--- Entries taken from a collection ---
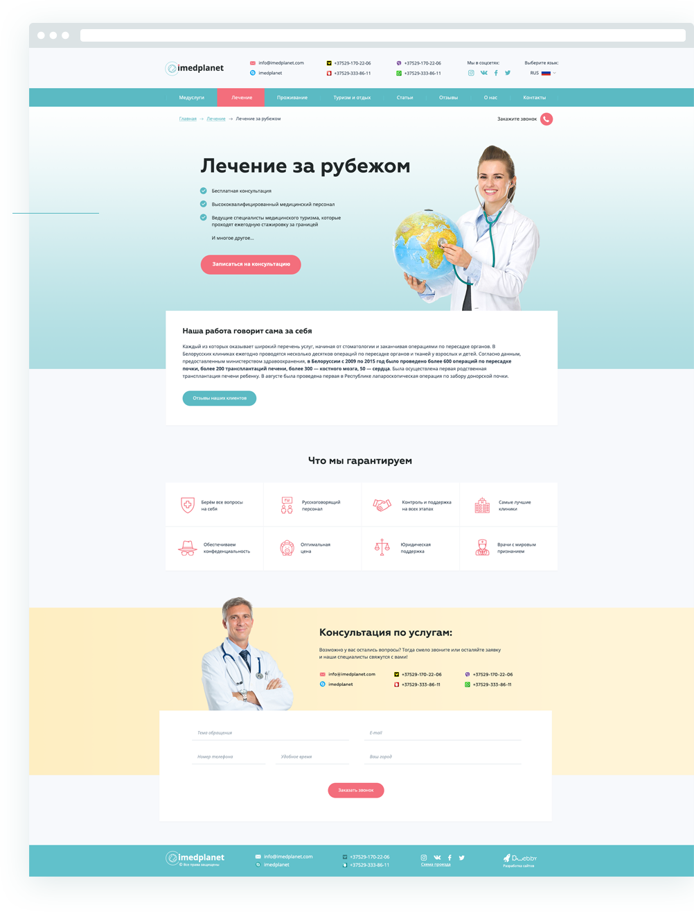The page "Services" is exactly what users are looking for, so we paid special attention to its development. The page contains important information, divided into logical blocks, between which unobtrusively implemented buttons to order a call and make an appointment. Only the most necessary for the user to make an informed choice and become a client of the company.
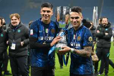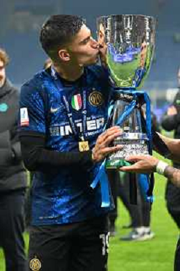 festeggiamenti Inter dopo la premiazione - joaquin correa con il trofeo Inter vs Juventus Finale Supercoppa Frecciarossa Milano 12-01-2022 Stadio Giuseppe Meazza - San Siro foto Roberto Garavaglia/ag. Aldo Liverani sas /AGENZIA ALDO LIVERANI SAS
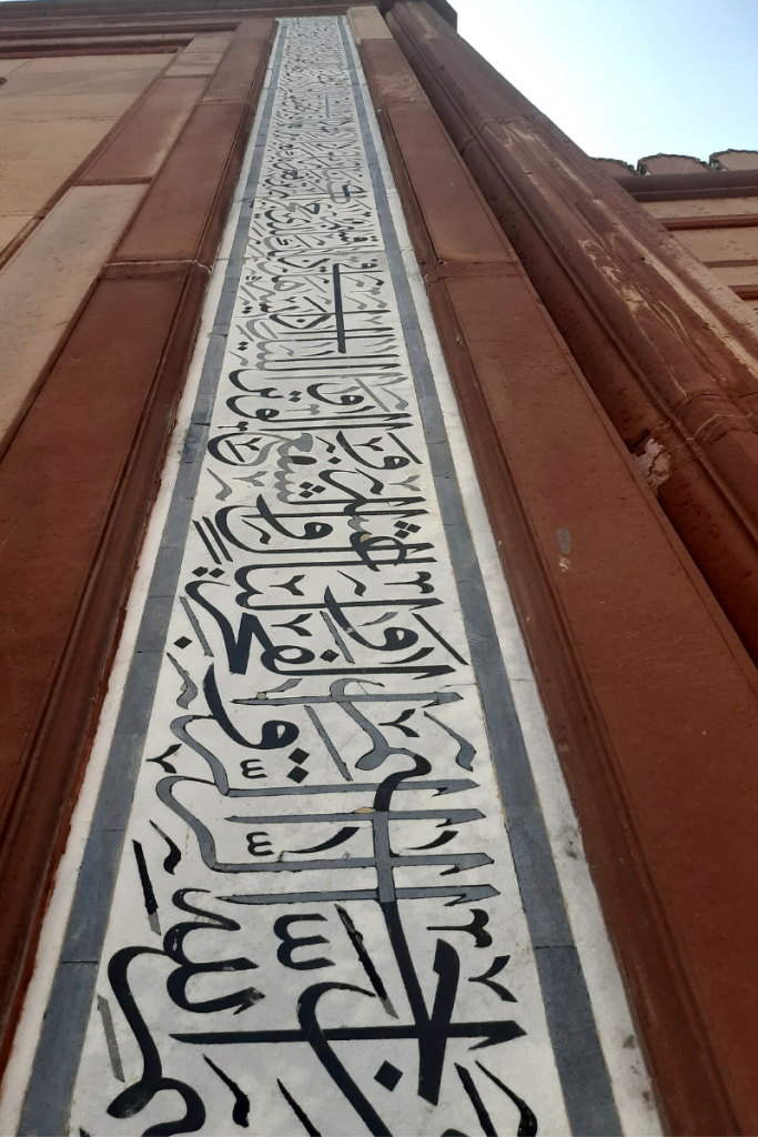 The imposing walls of both the Taj Mahal and Aligarh Muslim University’s Jama Masjid have Quranic verses crafted onto white marbles in black paint.
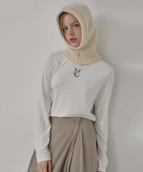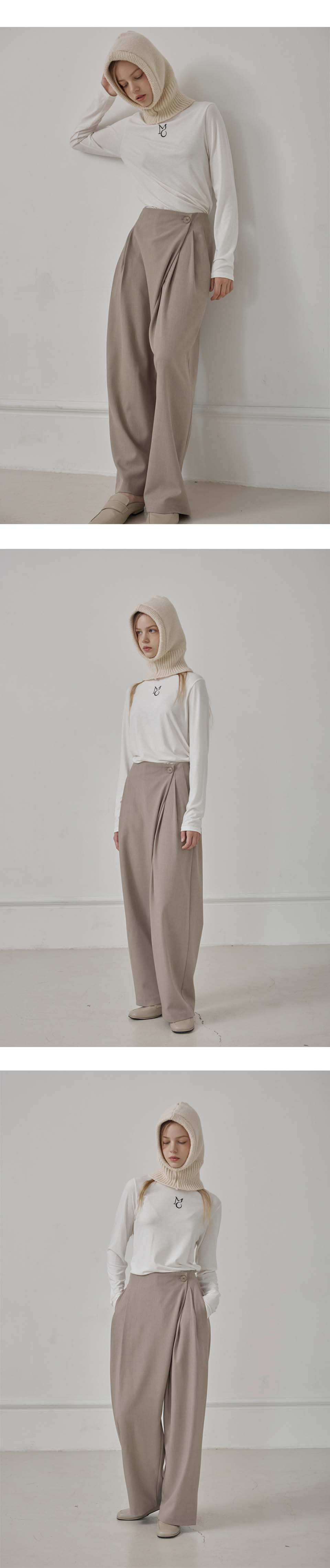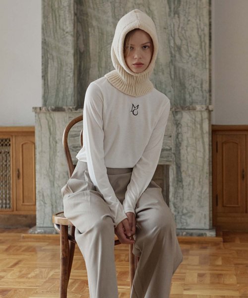 wool basic turtleneck top - gray beige
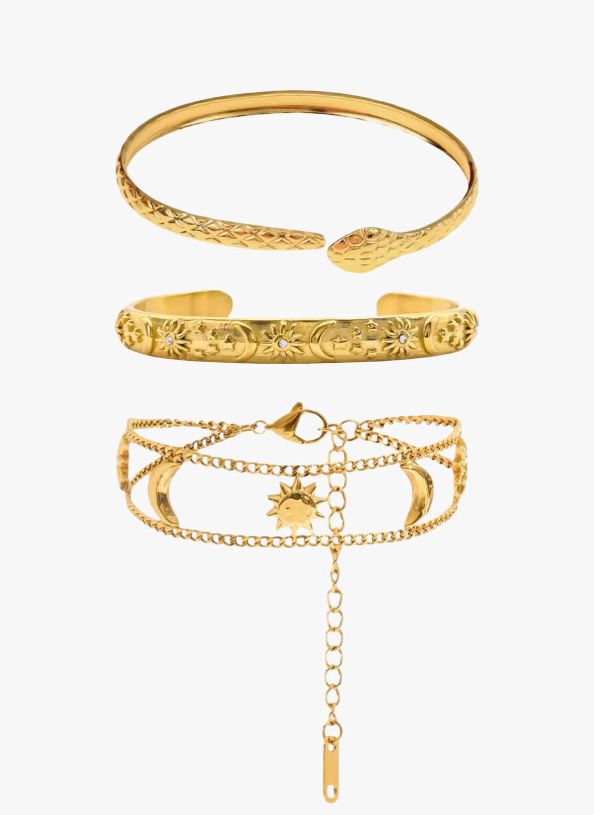Set includes 3 Bracelets: Sun and Moon bracelet, Sun and Moon bangle, Snake bangle
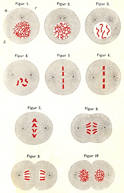 Fig. 1. Ruhende Zelle; a) Zelleib oder Protoplasma; b) ruhender Kern mit Chromatingerüste, Kernhaut und Kernsaft; c) Zentralkörperchen oder Centrosoma. — Fig. 2. Zweiteilung des Centrosomas; beginnende Chromosomenbildung. — Fig. 3. Die beiden Tochter-Centrosomen rücken gegen die Pole und umgeben sich mit Strahlenhöfen; das ganze Chromatin in (4) Chromosomen vereinigt. — Fig. 4. Fortschreiten der beiden Vorgänge; Auflösung der Kernhaut, Aufsaugung des Kernsaftes. — Fig. 5. Anordnung der Chromosomen in der sog. Äquatorialplatte; fädige Verbindungen mit den Centrosomen. — Fig. 6. Längsteilung aller Chromosomen. — Fig. 7 und 8. Wanderung der Tochter-Chromosomen zu den Polen: beginnende Teilung des Zelleibes. — Fig. 9. Die Zweiteilung der Zelle vollzogen: Neubildung von Kernhaut und Kernsaft um jede Chromosomengruppe. Schwinden der Strahlenhöfe um die Centrosomen. — Fig. 10. Übergang beider Tochterzellen in die Ruheform; Auswachsen der Chromosomen zum Chromatingerüste.]
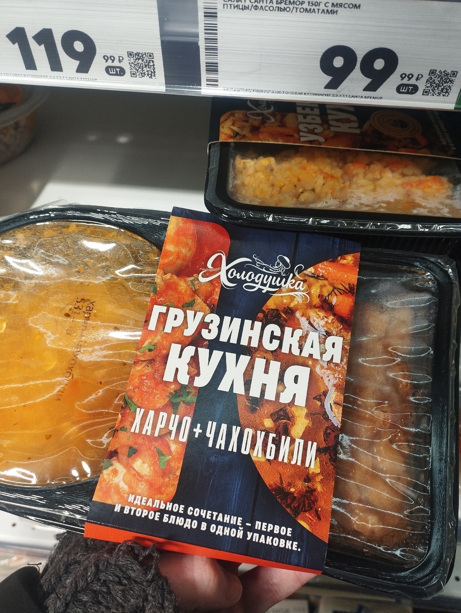 Если говорить о новых предложениях, то бренд «Холодушка» порадовал выбором готовых обедов, объединяющих популярные блюда из разных кухонь. Грузинское меню включает суп харчо и чахохбили, а узбекское — лагман и плов. Это хорошая возможность порадовать себя качественной едой без необходимости готовить.
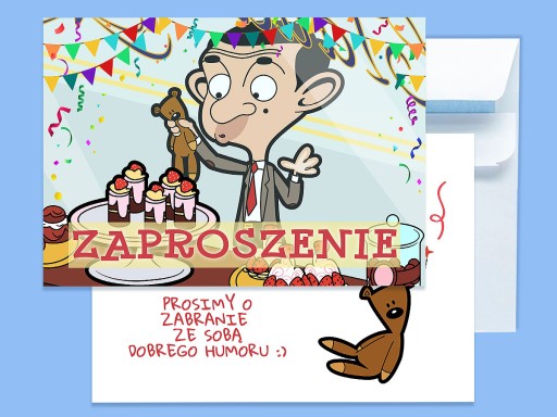 ZAPROSZENIE JAŚ FASOLA MR BEAN NA URODZINY DZIECKA + KOPERTA GRATIS
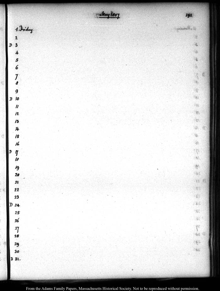 John Quincy Adams diary 23, 1 January 1795 - 12 May 1801, 5 August 1809 - 30 April 1836, page 191
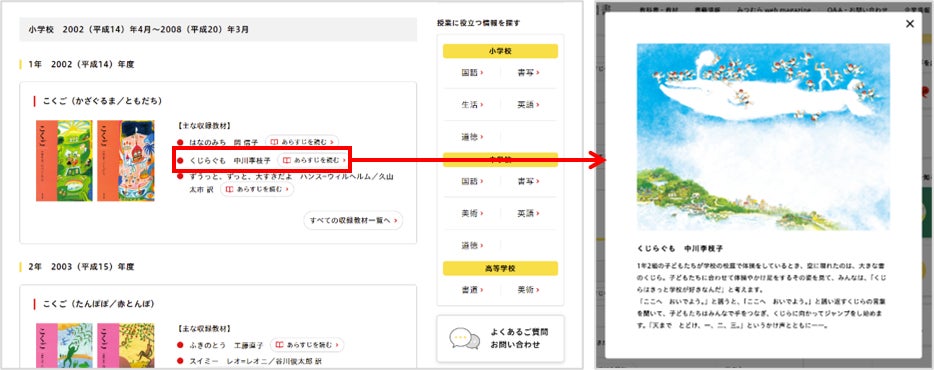 今回のリニューアルにより、「わたしの教科書検索」の検索結果に表示される、国語教科書の主要な収録教材にあらすじと挿絵が追加され、さらにその年代に流行したもののイラストが表示される“お楽しみ要素“も加わりました。またリニューアルを記念して、世代も背景も違う3名の「言葉のプロ」が子どもの頃に使っていた教科書や当時の授業について振り返り、語り合う座談会の記事も公開いたします。
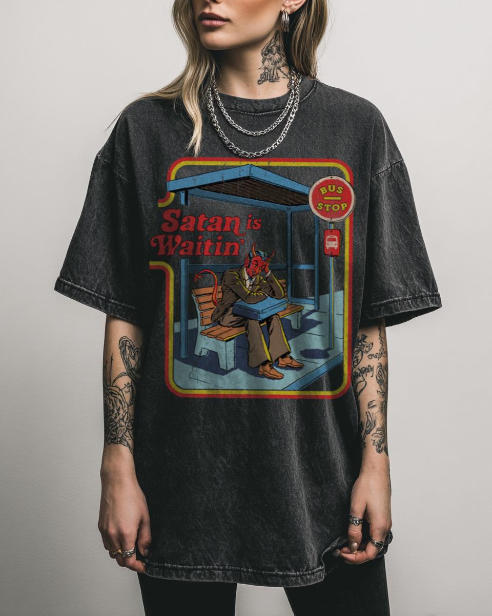 Do you have a taste for dark humor, retro aesthetics, and a touch of the occult? This ‘Satan is Waitin” design offers a darkly humorous and nostalgic scene, reminiscent of 70s and 80s vintage horror. Featuring Satan at a bus stop, it’s a witty and unique piece for those who appreciate retro style, occult themes,…
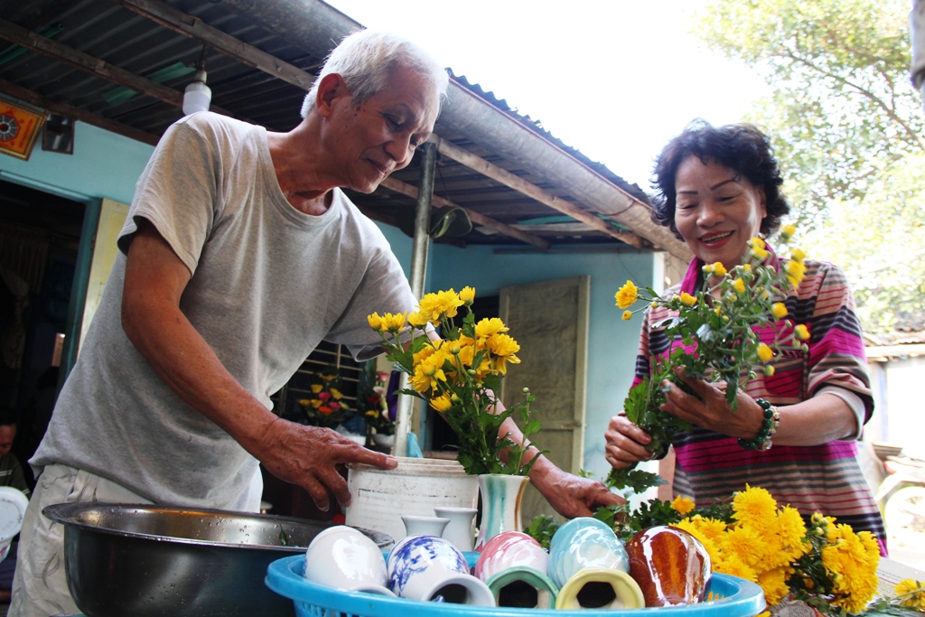 Vợ chồng ông Nguyễn Phước Liên Kiên và bà Hồ Thị Thương đang cùng nhau chuẩn bị những bình hoa để kịp đặt lên bàn thờ gia tiên trước giờ giao thừa. Hai ông bà kết hôn và sống ở thượng thành đã gần 40 năm, con cháu giờ đây cũng đề huề. "Rồi đây nếu xa nơi đây chúng tôi sẽ rất nhớ!", bà Thương xúc động
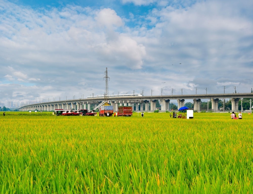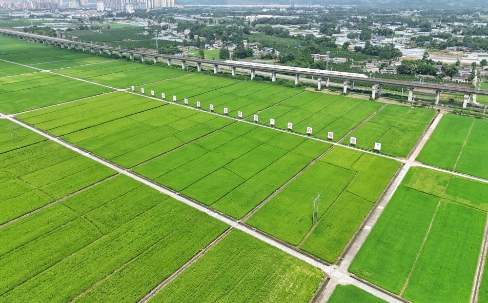 2024年7月26日,一列高鐵列車從永豐村高標(biāo)準(zhǔn)農(nóng)田上方的高架橋上疾馳而過(無(wú)人機(jī)照片)。
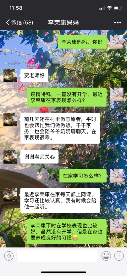 为了真实了解学生在家的状态,辅导员贾涵在假期也与家长保持交流与沟通。在与机电一体化技术192班李荣康同学母亲沟通中,李荣康的妈妈说,虽然这个寒假过的很长,但是李荣康在家里依旧能够给自己的生活做好计划,不仅能够安排好自己的学习,及时完成工作以外,在疫情需要的时候,不怕艰辛,为村里的疫情检查站做志愿者服务;平时在家里,主动帮忙家长做饭、承担家务;一个学期不在家,在这个假期中,陪已经年迈的爷爷奶奶聊天。
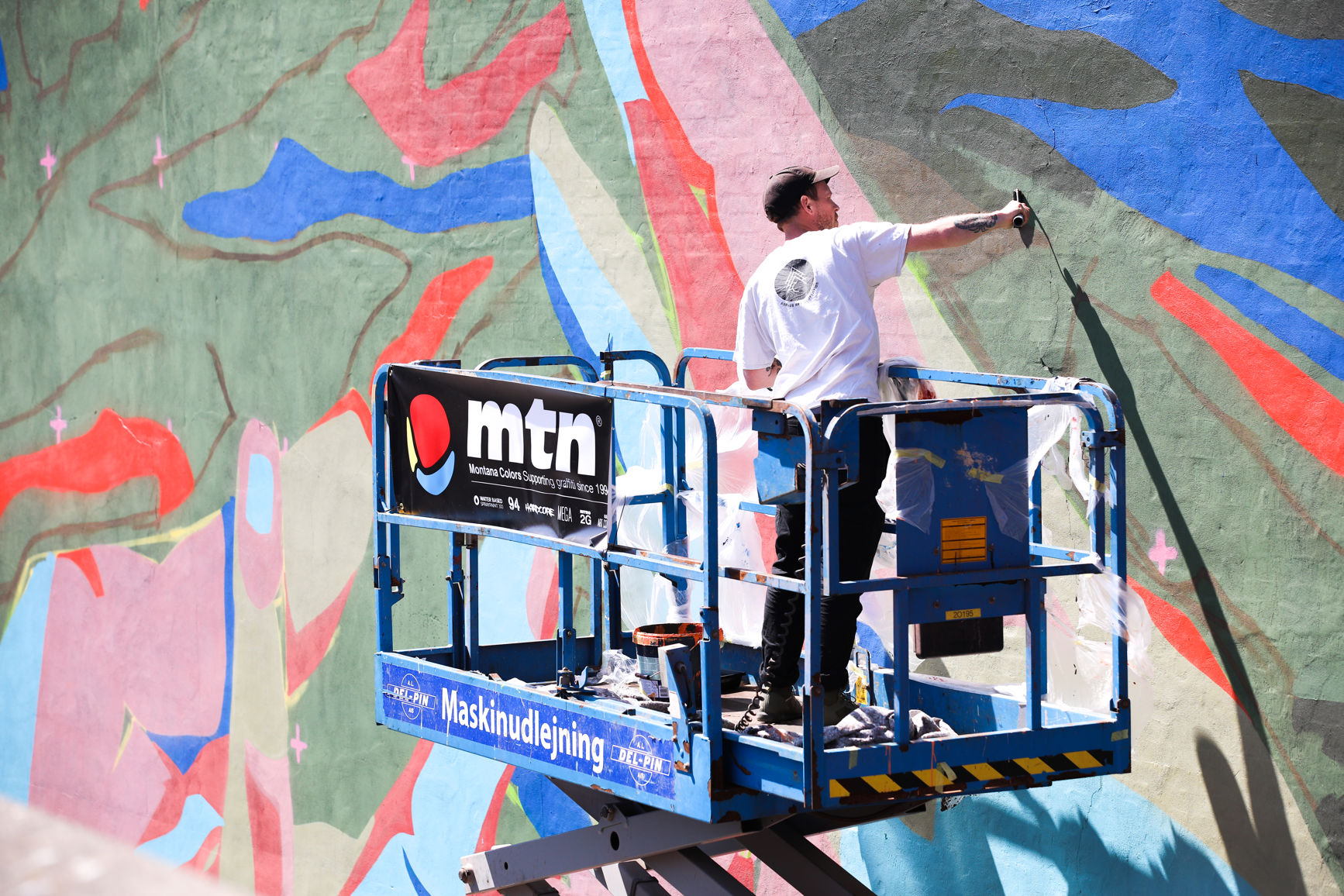 Oplev Bukhies abstrakte univers ved Anlæget 6 – en dynamisk fusion af typografi, former og urban kunst, der udfordrer og inspirerer.

--- How to complete this task ---
Take only the lines above from the one that has "John Quincy Adams" through the one that has "今回のリニューアルにより、「" and reproduce them exactly, omitting any pictures.

--- Answer to this problem ---
 John Quincy Adams diary 23, 1 January 1795 - 12 May 1801, 5 August 1809 - 30 April 1836, page 191
 今回のリニューアルにより、「わたしの教科書検索」の検索結果に表示される、国語教科書の主要な収録教材にあらすじと挿絵が追加され、さらにその年代に流行したもののイラストが表示される“お楽しみ要素“も加わりました。またリニューアルを記念して、世代も背景も違う3名の「言葉のプロ」が子どもの頃に使っていた教科書や当時の授業について振り返り、語り合う座談会の記事も公開いたします。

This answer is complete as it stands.